Start of Block

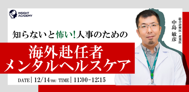 グローバル人材育成・研修業を手掛けるインサイトアカデミー株式会社(東京都港区、代表取締役:北村嘉章)は、無料webセミナー「【知らないと怖い!人事のための】海外赴任者メンタルヘルスケア」を開催します。
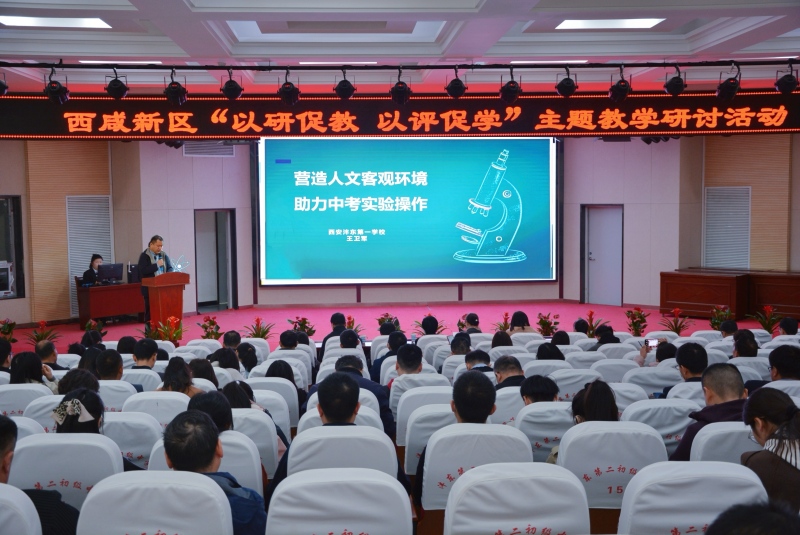 3月27日,由西咸新区教育科学研究院主办、沣东第二初级中学承办的“以研促教 以评促学”---理化生实验操作考试视域下的“教-学-评”一体化教学研讨活动成功举办。西咸新区理化生学科兼职教研员和信息报送负责人、各中学相关业务负责人、学科教研组长等150余人参加。
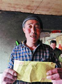 昔日工友张洪文展示崔西武送来的装有工资的信封。
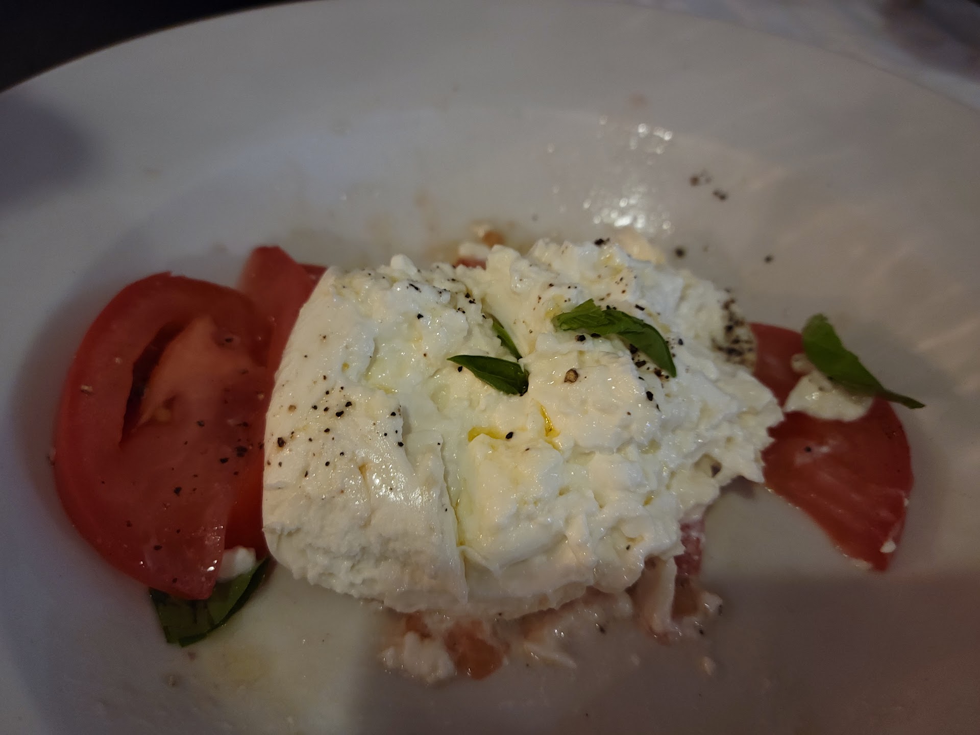 When we walked in, I was pleasantly surprised to find that the restaurant was nice and clean. The lighting was a little dim (that is a good thing) and the ambiance was just right. My wife, who is a clean freak, loved the place already. I cautioned her that we shouldn't get too excited just yet as we hadn't tried the food yet. We were seated promptly and we ordered soft drinks, a "Caprese" and an order of their "home style bread" (see pic).
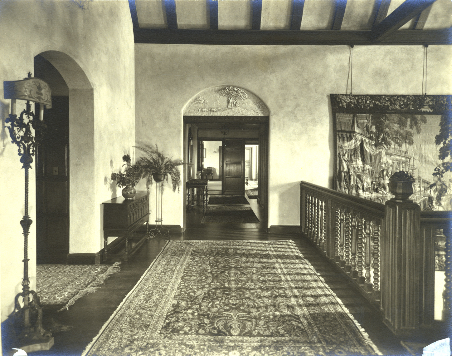 Interior of Edwin S. George residence, second floor balcony with wooden bannister on right. Handwritten on back: "2nd story hall."
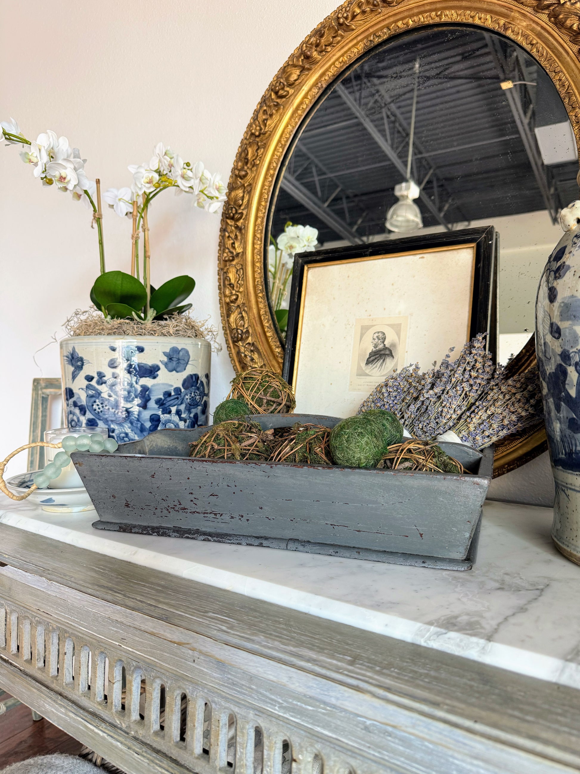 Hand sourced in England, this painted cutlery tray was originally a true household essential — it would have casually perched near the sink or carried from the scullery to the table. Its divided interior made it easy to sort forks, knives, and spoons (or perhaps even polishing cloths and odds and ends), and the central handle made it endlessly portable.
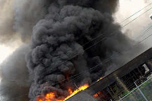 Incendio in una fabbrica di vernici di Brebbia, sostanze pericolose nell’aria determinano la necessità, da parte dei vigili del fuoco, di utilizzare un carro aria con bombole d’ossigeno per evitare di respirare i fumi tossici esalati dalla combustione della fabbrica.
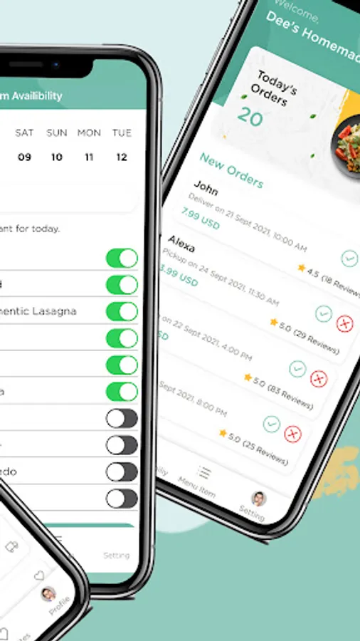 Kitchens get a very easy to use interface to set up their menu, add item availability for different dates, manage orders, and keep track of other activities easily.
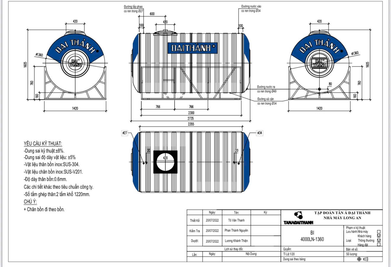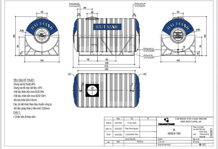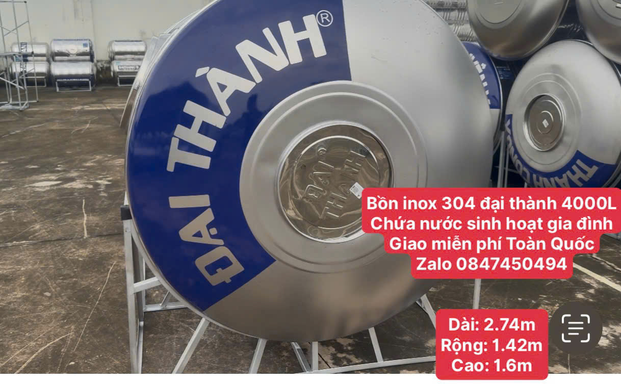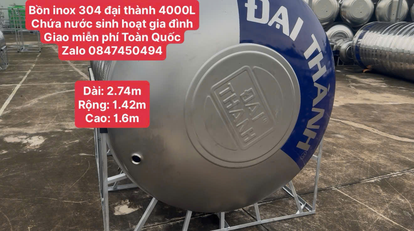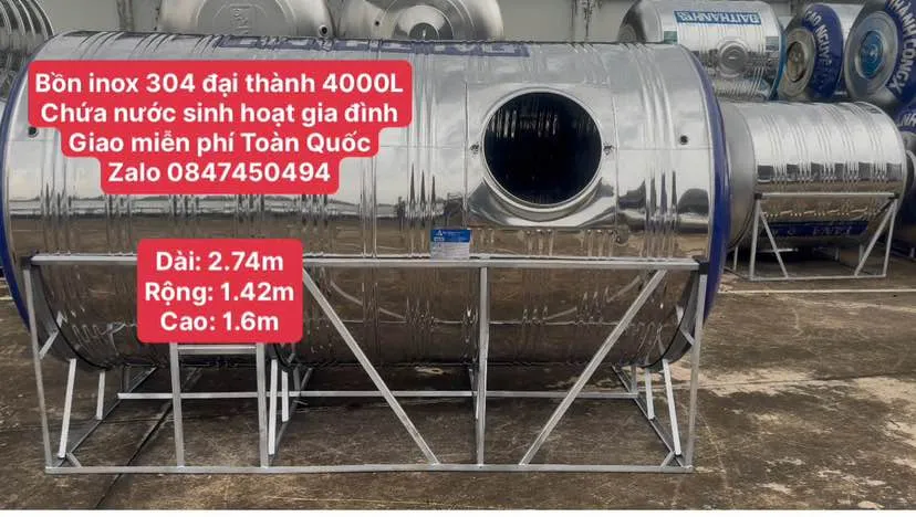 🌟 BỒN INOX 304 ĐẠI THÀNH 4000L – AN TOÀN, BỀN ĐẸP, TIẾT KIỆM 🌟
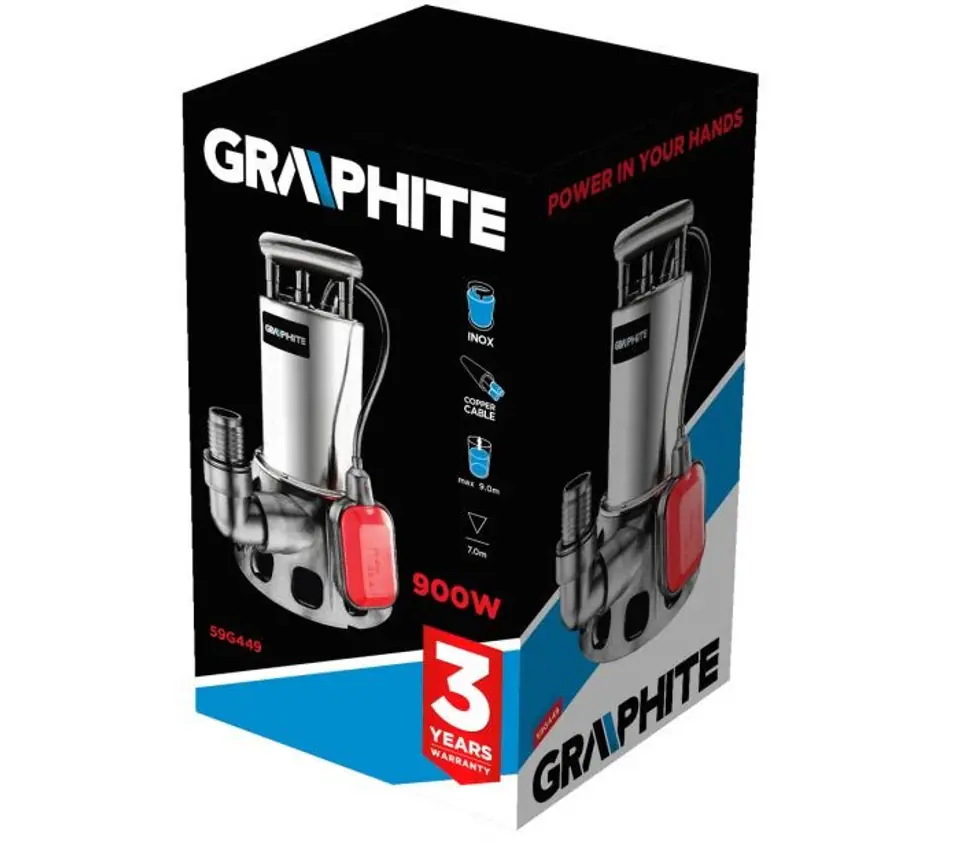 Pompa zanurzeniowa do wody brudnej 900W, wydajność 17000 l/godz., średnica zanieczyszczeń 20 mm, wys. podnoszenia wody 9 m, gł. zanurzenia 8 m, min. rozmiary szybu (LxWxH) 65 x 65 x 50 cm, średnica króćca do przewodu wodnego 2, 1 1/2, stopień ochrony IP68, przewód 10 m, obudowa INOX, (LxH) 210 x 340 mm, masa 7.8 kg, akcesoria: 2 króćce, 2 złącze, 2 korki zaślepki

End of Block

=== EXERCISE AIM ===
Reproduce exactly the lines from the beginning of the material down to the line containing "When we walked", both ends included, but not the pictures or anything after.

=== ANSWER BOX ===
 グローバル人材育成・研修業を手掛けるインサイトアカデミー株式会社(東京都港区、代表取締役:北村嘉章)は、無料webセミナー「【知らないと怖い!人事のための】海外赴任者メンタルヘルスケア」を開催します。
 3月27日,由西咸新区教育科学研究院主办、沣东第二初级中学承办的“以研促教 以评促学”---理化生实验操作考试视域下的“教-学-评”一体化教学研讨活动成功举办。西咸新区理化生学科兼职教研员和信息报送负责人、各中学相关业务负责人、学科教研组长等150余人参加。
 昔日工友张洪文展示崔西武送来的装有工资的信封。
 When we walked in, I was pleasantly surprised to find that the restaurant was nice and clean. The lighting was a little dim (that is a good thing) and the ambiance was just right. My wife, who is a clean freak, loved the place already. I cautioned her that we shouldn't get too excited just yet as we hadn't tried the food yet. We were seated promptly and we ordered soft drinks, a "Caprese" and an order of their "home style bread" (see pic).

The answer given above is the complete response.